- [Exercise instructions] The reply should hold only the lines from the one with "This classic black" to the one with "本次补偿方案预计将于5月28", both ends kept, exactly as they appear below, without any pictures.

- [Material for the task]
•••

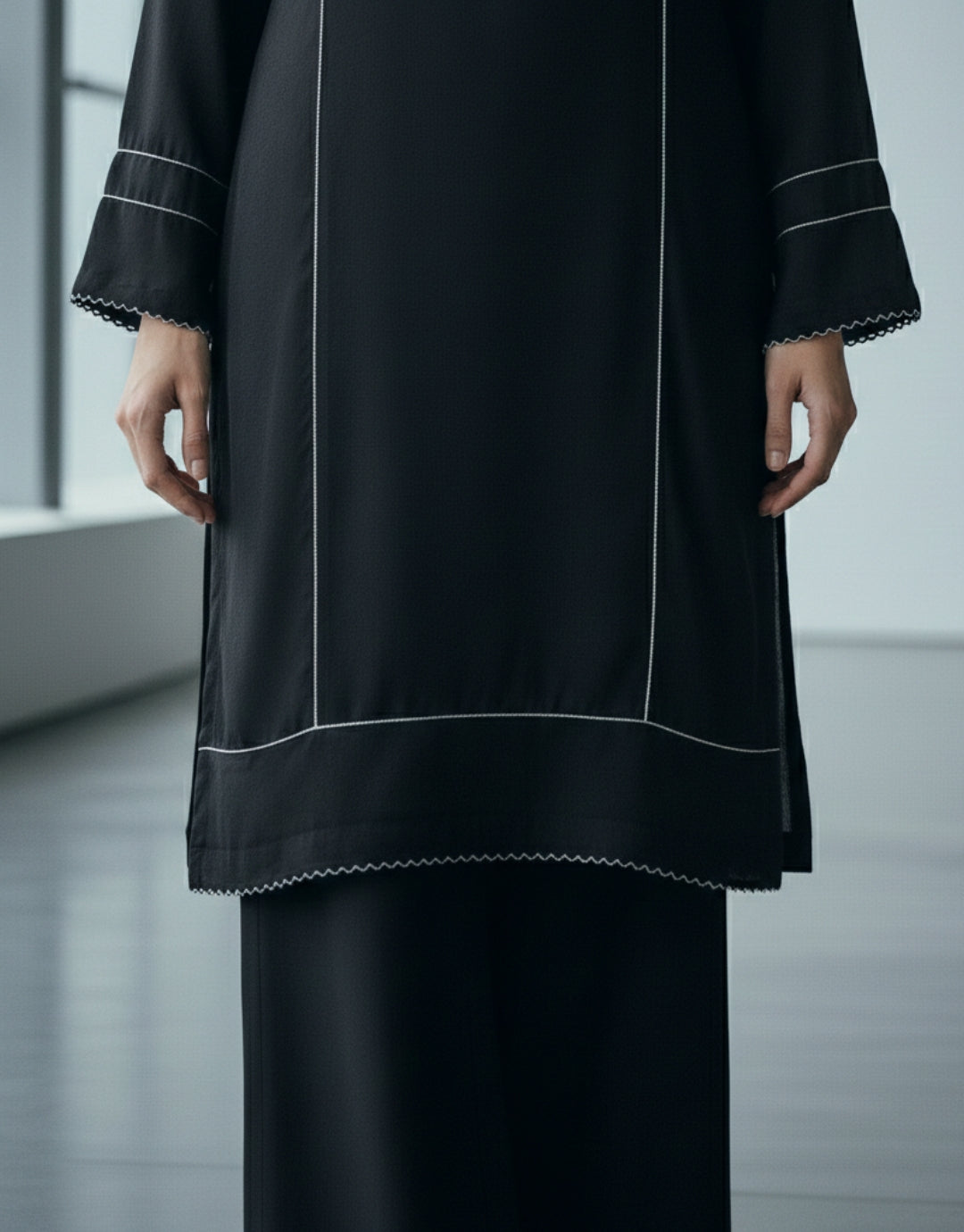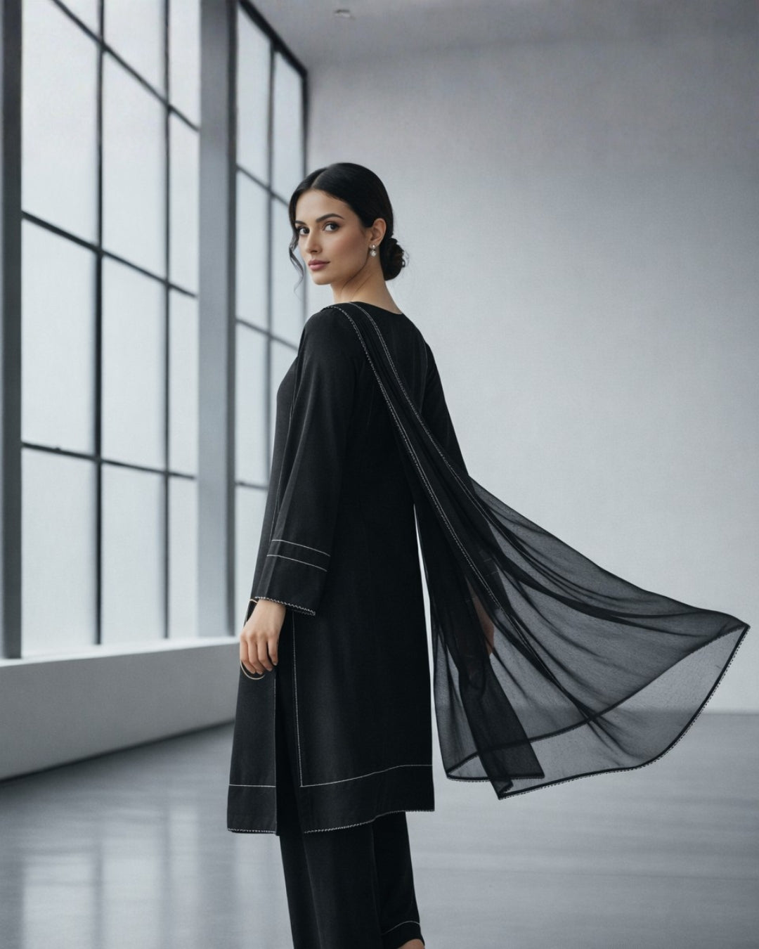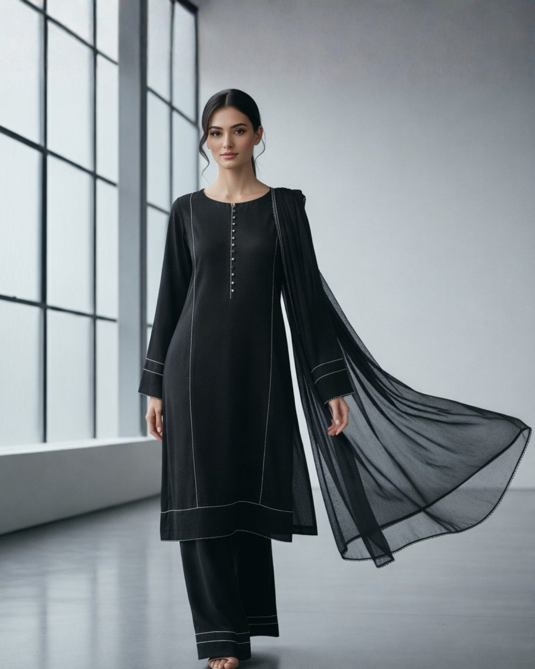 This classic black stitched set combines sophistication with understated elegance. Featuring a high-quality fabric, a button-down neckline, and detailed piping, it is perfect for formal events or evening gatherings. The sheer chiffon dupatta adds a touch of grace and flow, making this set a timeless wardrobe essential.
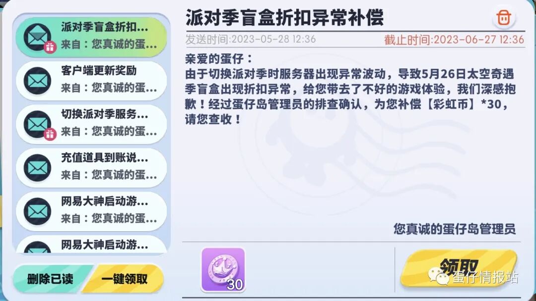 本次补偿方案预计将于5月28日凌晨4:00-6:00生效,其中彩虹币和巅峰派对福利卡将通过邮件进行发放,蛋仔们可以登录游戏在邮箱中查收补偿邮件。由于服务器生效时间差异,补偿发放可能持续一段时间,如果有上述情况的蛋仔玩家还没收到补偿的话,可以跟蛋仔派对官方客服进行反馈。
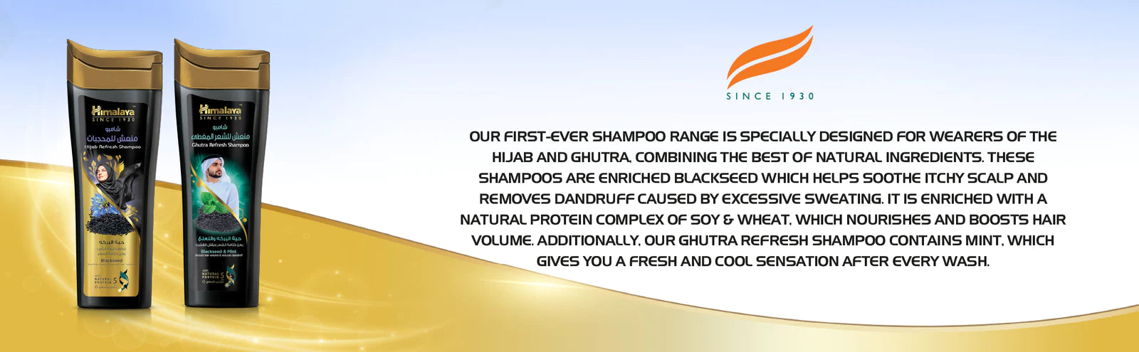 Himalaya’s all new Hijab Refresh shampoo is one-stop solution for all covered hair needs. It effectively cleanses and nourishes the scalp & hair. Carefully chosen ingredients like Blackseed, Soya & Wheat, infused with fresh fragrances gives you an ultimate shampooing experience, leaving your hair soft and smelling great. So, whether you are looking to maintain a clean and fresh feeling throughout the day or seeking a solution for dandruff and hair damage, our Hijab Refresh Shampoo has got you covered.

•••

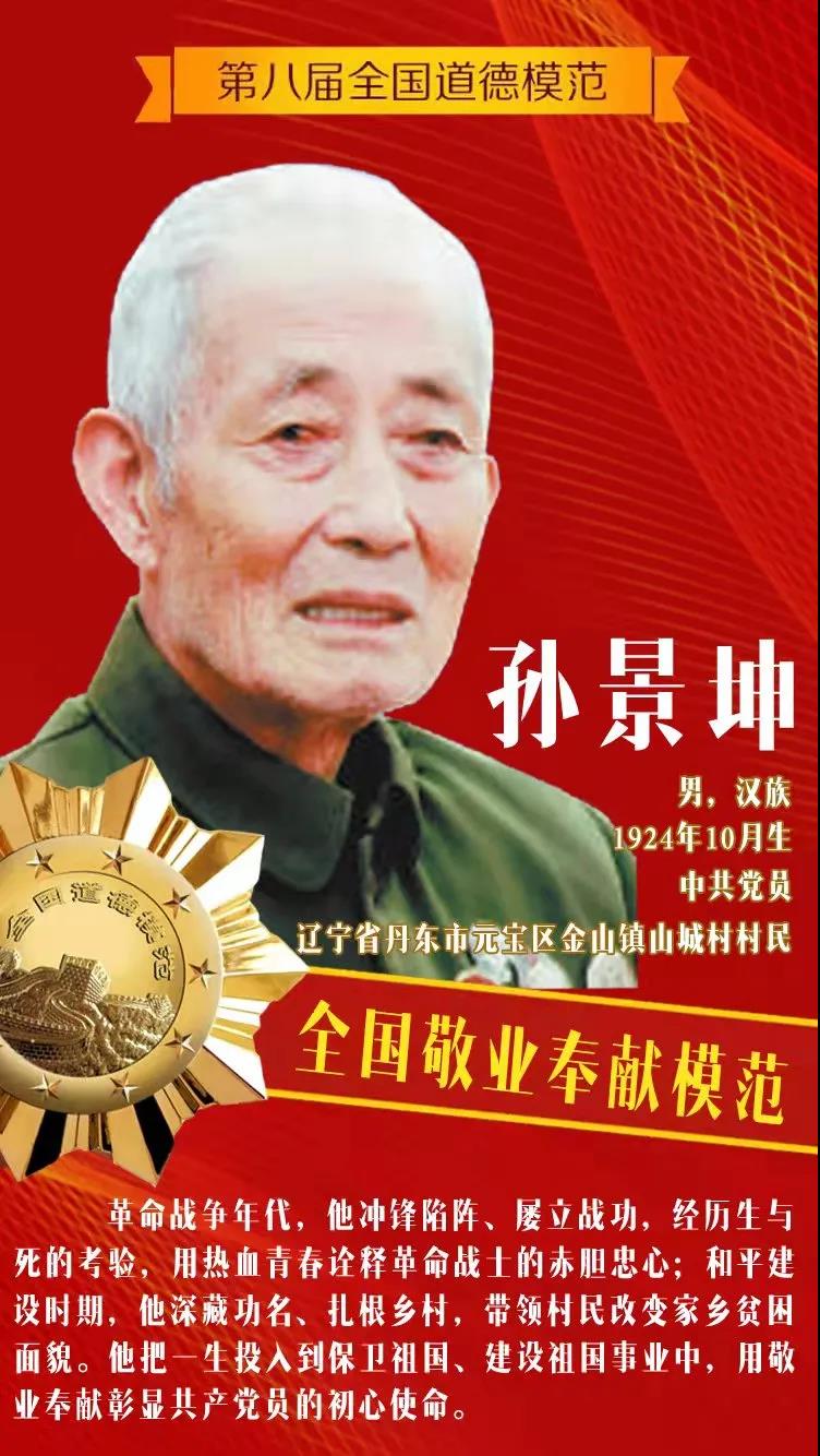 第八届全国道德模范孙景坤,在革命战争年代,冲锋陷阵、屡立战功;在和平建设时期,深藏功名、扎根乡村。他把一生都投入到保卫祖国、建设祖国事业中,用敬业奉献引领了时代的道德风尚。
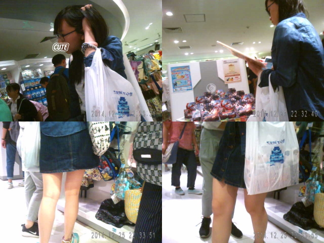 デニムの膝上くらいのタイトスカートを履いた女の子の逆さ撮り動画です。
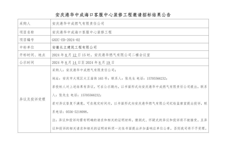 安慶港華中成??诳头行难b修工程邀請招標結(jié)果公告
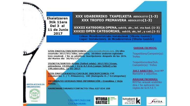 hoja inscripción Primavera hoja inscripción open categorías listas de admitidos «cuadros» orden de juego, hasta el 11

•••

- [Solution below]
 This classic black stitched set combines sophistication with understated elegance. Featuring a high-quality fabric, a button-down neckline, and detailed piping, it is perfect for formal events or evening gatherings. The sheer chiffon dupatta adds a touch of grace and flow, making this set a timeless wardrobe essential.
 本次补偿方案预计将于5月28日凌晨4:00-6:00生效,其中彩虹币和巅峰派对福利卡将通过邮件进行发放,蛋仔们可以登录游戏在邮箱中查收补偿邮件。由于服务器生效时间差异,补偿发放可能持续一段时间,如果有上述情况的蛋仔玩家还没收到补偿的话,可以跟蛋仔派对官方客服进行反馈。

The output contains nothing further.